Some 97 percent of the water used by settlers was for agricultural purposes, according to the report, which is based on the organization’s 2008 data.

The report, however, noted that because the Jordan Valley and the Dead Sea were agricultural areas, water consumption by both settlers and Palestinians was relatively high.

For example, the 80,000 Palestinians in the Jordan Valley and Dead Sea region used 31 cubic meters of water, which is 21.52% of all water consumed by Palestinians in the entire West Bank, the report said.

It warned that the extent of the disparity was much greater when one compared individual settlements in that region with specific Palestinian communities.

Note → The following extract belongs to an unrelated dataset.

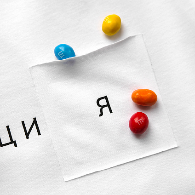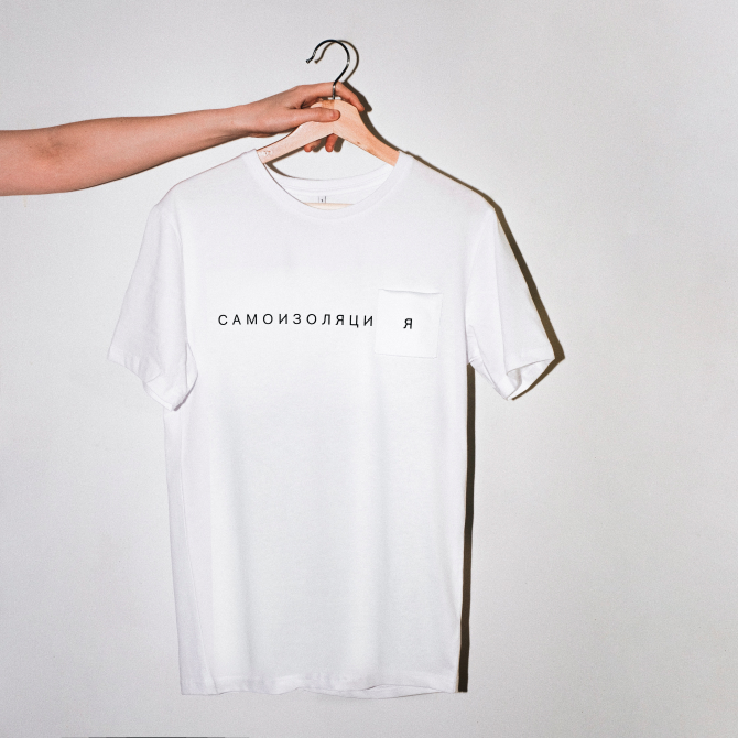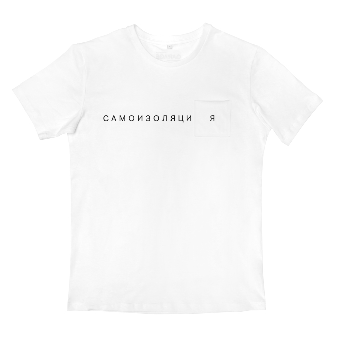 Музей современного искусства «Гараж» выпустил хлопковые футболки для тех, кто сейчас находится в режиме самоизоляции. На груди у них расположена надпись «Самоизоляция», где последняя буква хоть и обособленна от остальных, но «работает», так как находится на функциональном кармашке.

For example, the report stated that the per capita allocation of water to the Niran settlement, north of Jericho, was 433 liters, compared to 225 liters in the Palestinian city of Jericho.


In the central and northern Jordan Valley, the per capital water consumption for Palestinians was 61 liters, a figure almost 40% lower than what is recommended by the World Health Organization.

The worst discrepancy in water consumption was in the Bedouin community, where most are not connected to a regular water supply and the per capita water consumption was only 20 liters, B’Tselem said.

The report also charged that settlers used a disproportionately larger amount of land than Palestinians.

It said Israel had closed off 77.5% of the Jordan Valley and Dead Sea land to Palestinians by declaring it either state land, military zones or nature reserves.

The Civil Administration said it had not received the report and that it would respond only once it had reviewed the data.